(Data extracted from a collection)
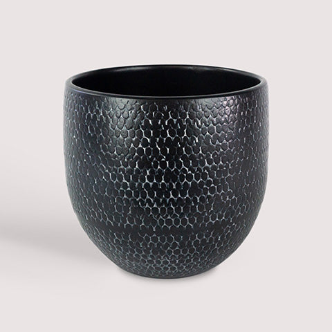 Czarna ceramiczna sadzarka z teksturowanym wykończeniem. Idealna dla wszystkich Twoich roślin.
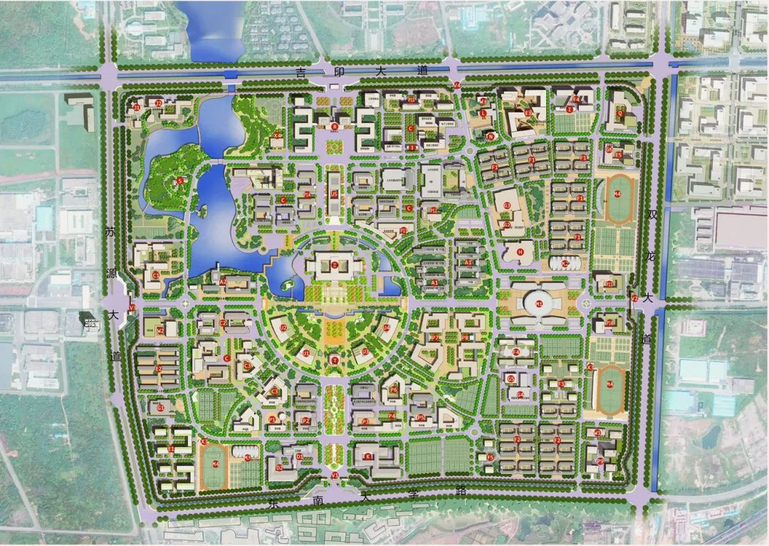 新的规划在调整功能布局、提升校园建筑文化风貌特色、建设绿色智慧型校园的同时,针对发展与土地矛盾,提高了开发强度。总建筑面积较现有规模增加了1倍半之多,达到近252万㎡。
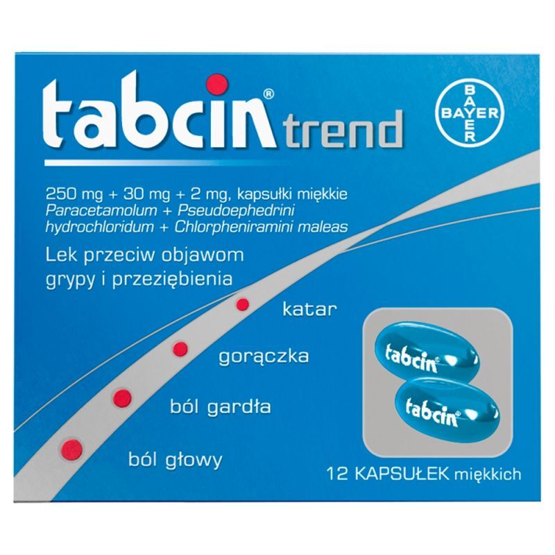 OpisTabcin Trend to preparat o działaniu przeciwbólowym i przeciwgorączkowym, który dodatkowo pomaga w udrożnieniu nosa. W formie kapsułek miękkich zawiera trzy składniki aktywne: paracetamol, pseudoefedrynę oraz chlorfeniraminę, skutecznie łagodzące symptomy grypy i przeziębienia. Stosowany jest przy takich dolegliwościach jak gorączka, katar, ból gardła i uczucie drapania, kichanie, ból głowy, obrzęk błony śluzowej nosa i zatok oraz ogólne osłabienie organizmu.
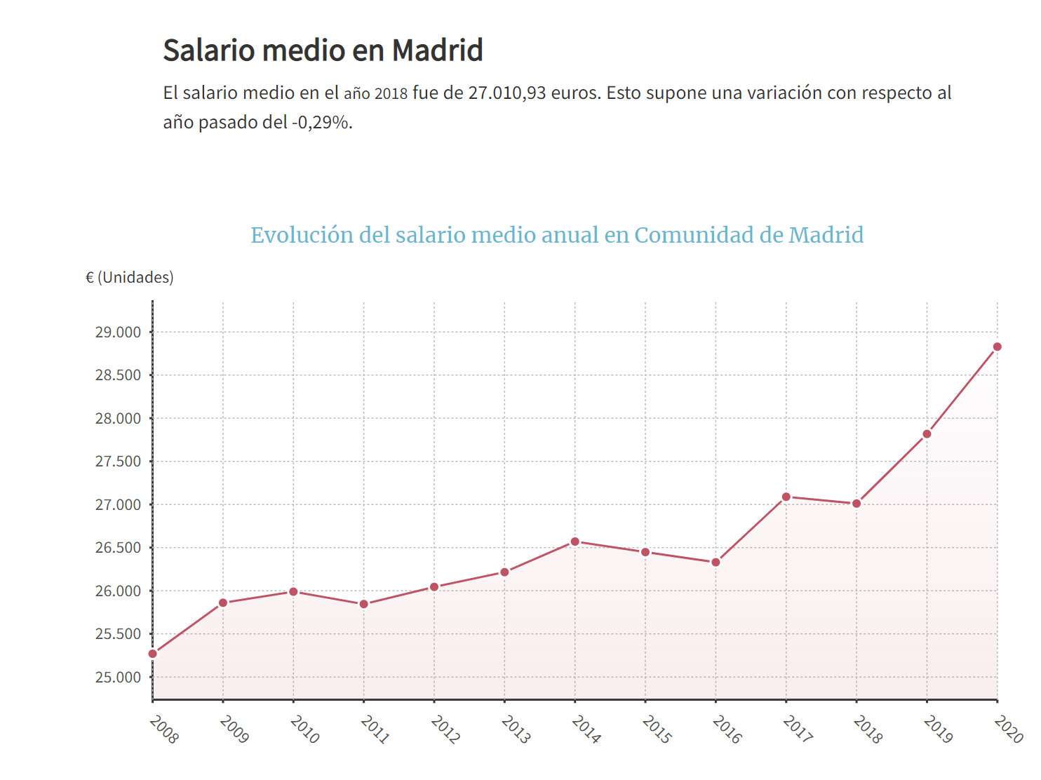 Finalmente, ajustandonos a Madrid, los salarios han subido de media 3600 euros anuales desde 2008:
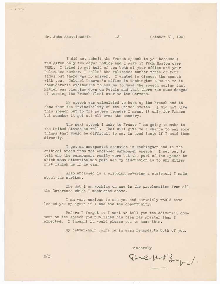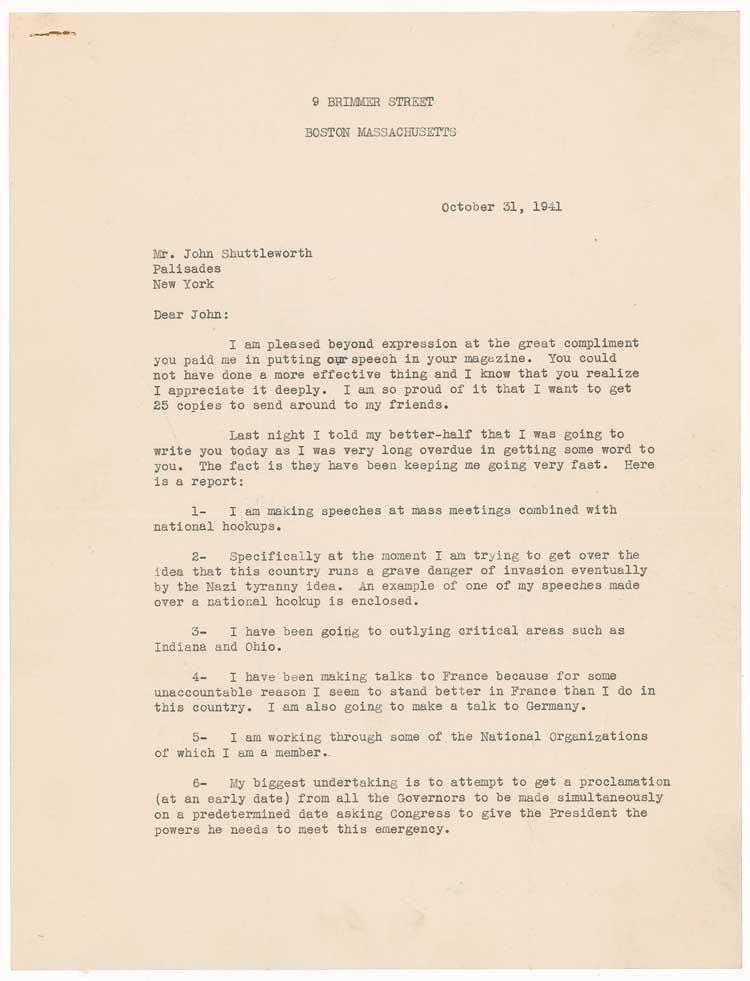 “2- Specifically at the moment I am trying to get over the idea that this country runs a grave danger of invasion eventually by the Nazi tyranny idea. An example of one of my speeches made over a national hookup is enclosed.
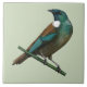 Illustration peinte d'un oiseau néo-zélandais. C'est un tui. Les Tui sont des oiseaux chanteurs avec une touffe blanche de plumes sous leur tête, d'où son nom anglais, l'oiseau Pason. L'oiseau de la Nouvelle-Zélande est perché sur une branche et est dessiné dans un style en détresse.
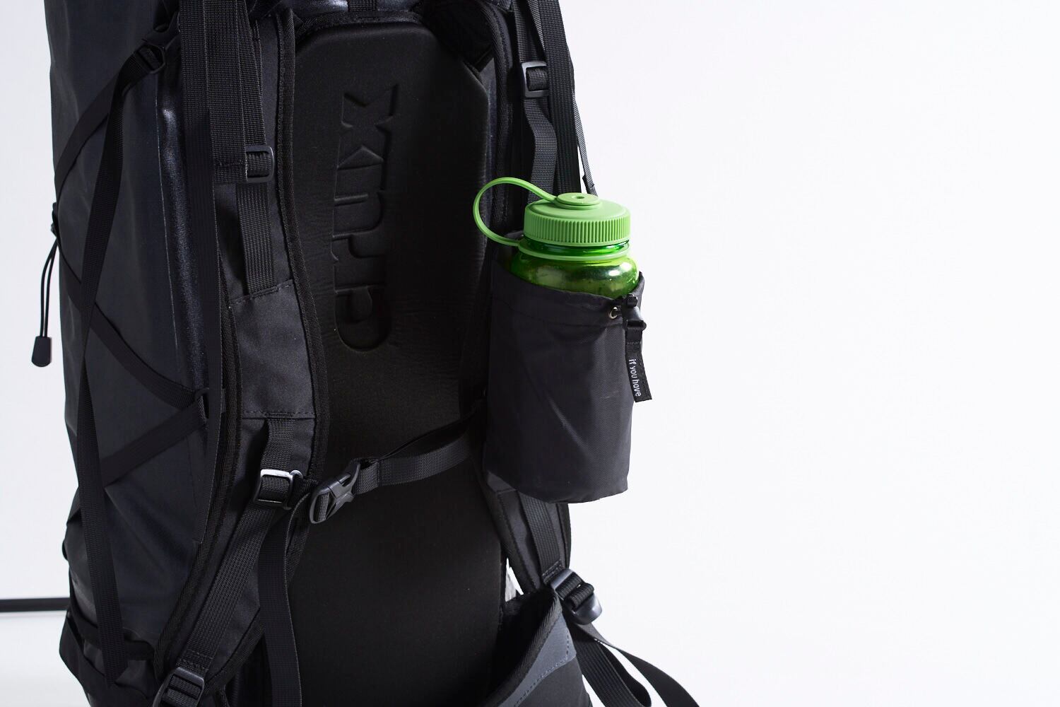 cruxのバックパックはショルダーベルト上に、余計なパーツが殆ど無い為、一般的なボトルホルダーなどが付けにくい形状をしています。サイドのにボトルホルダーも無いため、水分補給のためのボトルの処理には悩むところ。cruxに装着できる数少ないボトルホルダーの中で、『if you have』の商品をご紹介します。

What you should do
Could you repeat every entry above exactly, with each picture omitted?

Answer box
 Czarna ceramiczna sadzarka z teksturowanym wykończeniem. Idealna dla wszystkich Twoich roślin.
 新的规划在调整功能布局、提升校园建筑文化风貌特色、建设绿色智慧型校园的同时,针对发展与土地矛盾,提高了开发强度。总建筑面积较现有规模增加了1倍半之多,达到近252万㎡。
 OpisTabcin Trend to preparat o działaniu przeciwbólowym i przeciwgorączkowym, który dodatkowo pomaga w udrożnieniu nosa. W formie kapsułek miękkich zawiera trzy składniki aktywne: paracetamol, pseudoefedrynę oraz chlorfeniraminę, skutecznie łagodzące symptomy grypy i przeziębienia. Stosowany jest przy takich dolegliwościach jak gorączka, katar, ból gardła i uczucie drapania, kichanie, ból głowy, obrzęk błony śluzowej nosa i zatok oraz ogólne osłabienie organizmu.
 Finalmente, ajustandonos a Madrid, los salarios han subido de media 3600 euros anuales desde 2008:
 “2- Specifically at the moment I am trying to get over the idea that this country runs a grave danger of invasion eventually by the Nazi tyranny idea. An example of one of my speeches made over a national hookup is enclosed.
 Illustration peinte d'un oiseau néo-zélandais. C'est un tui. Les Tui sont des oiseaux chanteurs avec une touffe blanche de plumes sous leur tête, d'où son nom anglais, l'oiseau Pason. L'oiseau de la Nouvelle-Zélande est perché sur une branche et est dessiné dans un style en détresse.
 cruxのバックパックはショルダーベルト上に、余計なパーツが殆ど無い為、一般的なボトルホルダーなどが付けにくい形状をしています。サイドのにボトルホルダーも無いため、水分補給のためのボトルの処理には悩むところ。cruxに装着できる数少ないボトルホルダーの中で、『if you have』の商品をご紹介します。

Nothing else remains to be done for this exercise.